Posted by
Mike Dixon on Thursday, March 19, 2009 8:03:14 PM
Now this is funny. This is the same Chris Dodd who got sweetheart "friend of the CEO" mortgages from Countrywide Financial while he happened to be Chair of the Senate Banking Committee. As we all know, though thoroughly under-reported, Dodd promised to release all pertinent documentation but never did until 10 months later in very limited fashion for a handful of select reporters who were allowed to read but not photocopy or reproduce select disclosure documents pertaining to his Countrywide mortgages.

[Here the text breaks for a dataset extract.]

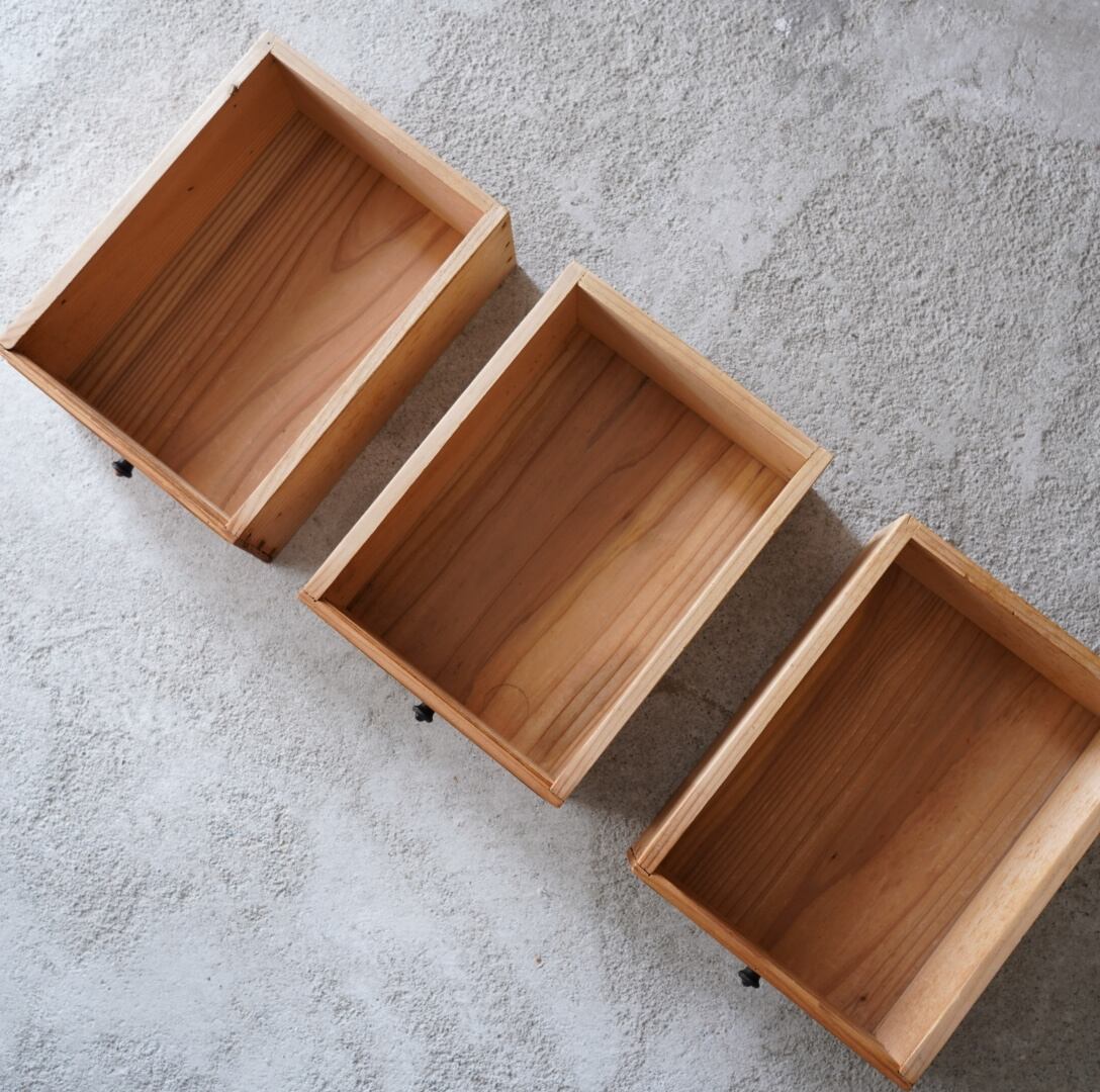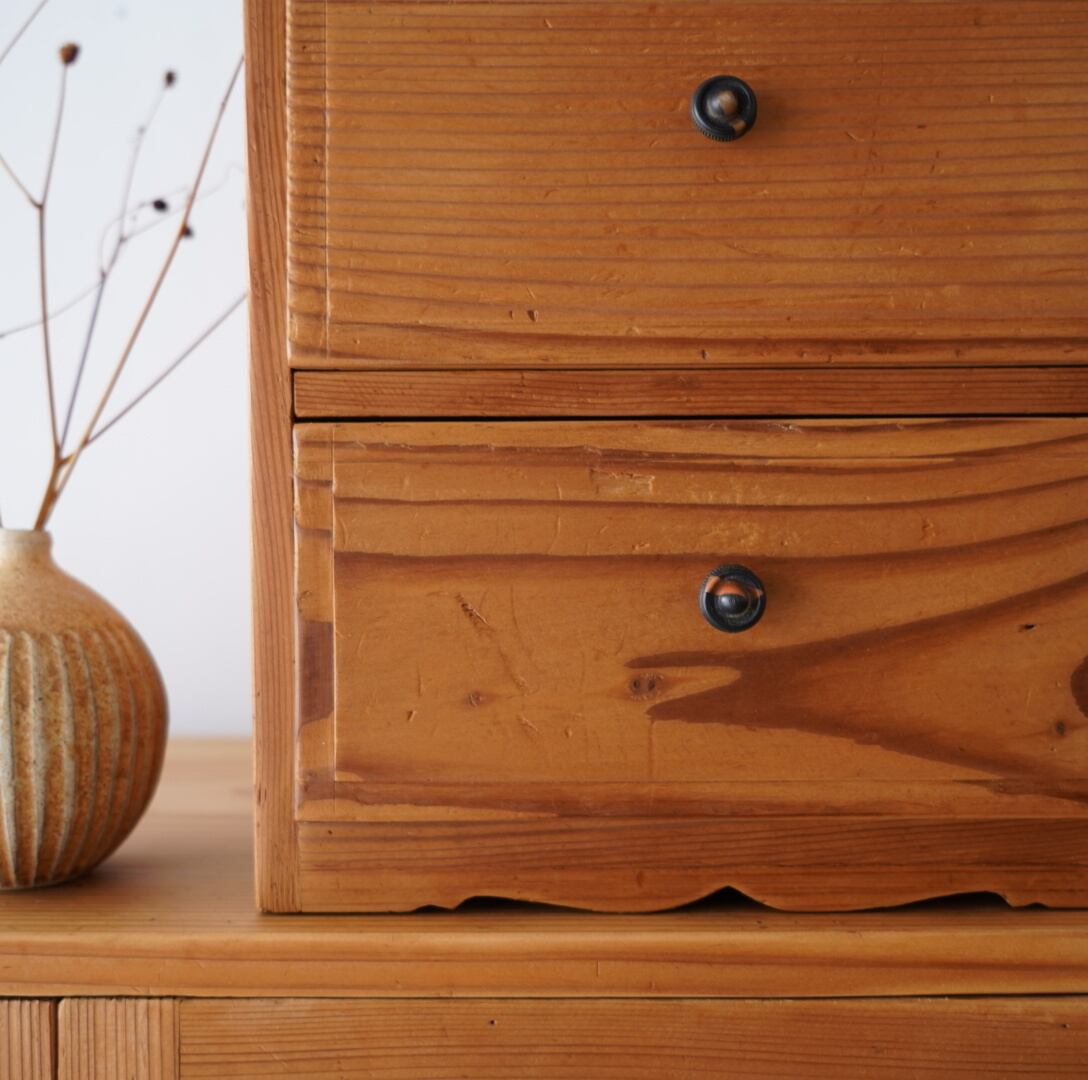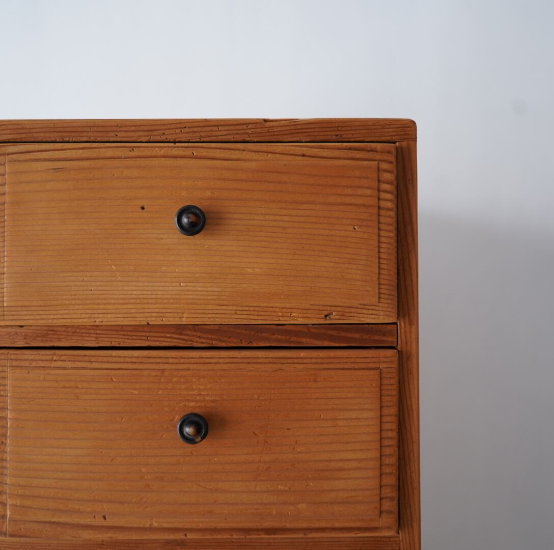 無垢材の素朴な風合いとひかえめつまみが魅力的な3杯の引き出し。

Then fast forward to today. Of course now that there is feigned angst over the "excessive" AIG bonuses, it becomes clear now that Washington knew about these bonuses for at least 6 months and that Chris Dodd was the architect of the legislation protecting AIG's ability to issue these bonuses. Dodd then claimed for days that he did not author that particular language and that some other office had inserted the language as no legislation authored by his office included that language. I don't know who had the fabled "pictures" of Dodd, but some undisclosed phenomena has led Dodd to recant his story and admit that he really did write the legislation after all. Of course his new lie is that he was forced to do so by Treasury.
Wow. And you know that he and Barney Frank were responsible for the whole housing market implosion/fiasco through social engineering policies to provide affordable housing to people that couldn't qualify for a mortgage. It just makes me sick to have to listen to these people and their phony outrage. Why do I care whether AIG paid $160 million in bonuses when Dodd, Frank and Geithner can't tell me what AIG did with $165 billion? Then in comes Obama, a constitutional lawyer and law professor, arguing that contracts, in a nation of law, should be voided or that the taxing authority of the Federal government should be wielded as a political weapon. How stupid do they think we all are? What will restrain these politicians when they look at you and determine that you have too much money?